Politics: Decision to ram through the 2022 spending budget sets the stage for future conflict

MEXICO - Report 22 Nov 2021 by Guillermo Valdes and Francisco González

The Chamber of Deputies approved November 14, the 2022 federal expenditure budget with 273 votes in favor and 213 opposed. The governing camp introduced only two changes to the administration’s original proposal, which now projects slightly more than 7 trillion pesos in spending, but rejected absolutely all of the hundreds of the changes raised by opposition deputies.

The fact of the administration's pushing through its proposals in this manner sends three important political messages that will certainly come into play in future discussions of presidential proposals such as the constitutional reform on the electric power sector: 1) all lawmakers and state governors from Morena, the PT and PVEM are totally in line with the president’s agenda; 2) AMLO has no intention of governing on behalf of anyone but himself and his followers; and, 3) he is determined to gain control over the National Electoral Institute (INE) and bring the judiciary to heel. That will be one of the key objectives of the political reform, one that is of fundamental importance to sustaining his overall political project.

AMLO doesn’t really appear all that interested per se in the proposed voter consultation on whether he should be allowed to serve out the remainder of his term of office. With only the Morena camp organizing for it, he is assured of victory, but one that pales in comparison to the need to reinforce his case for the political reform that will include replacing INE councilors and slashing public funding for political parties and the number of members of Congress chosen on the basis of proportional representation.

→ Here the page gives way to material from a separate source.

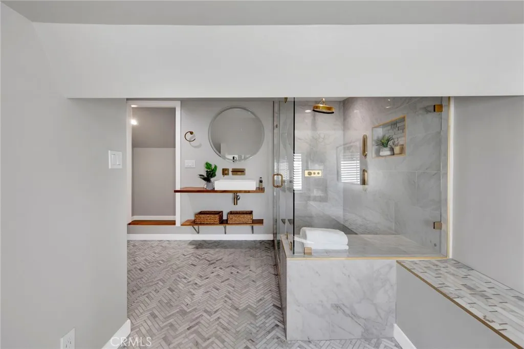 An Entertainers Dream in the Heart of Long Beach, 5025 E Los Coyotes is a stunningly remodeled residence that blends modern comfort with resort style living. This spacious 3 bed, 3.5 bath home offers an open and inviting layout, plus a bonus 400 sq. ft. flex space above the garage perfect for a junior ADU, home office, or guest suite. Step inside to find wide plank luxury laminate flooring, fresh interior and exterior paint, and a newly renovated kitchen featuring sleek cabinetry, stone countertops, and stainless steel appliances. The expansive great room seamlessly connects the living, dining, and kitchen areas ideal for both everyday living and large gatherings. The homes crown jewel is the backyard, a true entertainers paradise. Enjoy Californias indoor-outdoor lifestyle with a custom pool and spa, baja shelf for sunbathing, and a BBQ bar area with tons of seating all surrounded by lush landscaping for privacy and relaxation. An outdoor shower adds a touch of luxury after a swim or sauna session. Additional highlights include: Sauna for relaxation and wellness, Tesla wall charger, leased solar system with two Tesla Powerwalls, ample driveway and garage parking, updated bathrooms with designer finishes. Located on a wide, tree-lined street in East Long Beach, this home offers easy access to shopping, dining, golf courses, parks, major freeways and top-rated schools. Experience the perfect blend of comfort, sophistication, and California living this is the entertainers dream youve been waiting for.

The president has been starving the electoral authority of funding even as he steps up in his efforts to undermine the credibility of INE officials along with those from other autonomous bodies. Those efforts have set the stage for a major showdown in the coming months surrounding the organization of the proposed presidential recall vote that ultimately is designed as a political trap the Institute will be especially hard pressed to avoid.

INE head Lorenzo Córdova has already said he will file a constitutional appeal, thereby assuring that it will be up to the Supreme Court to determine whether the INE has the resources needed to organize the consultation without the additional funds the Institute is requesting.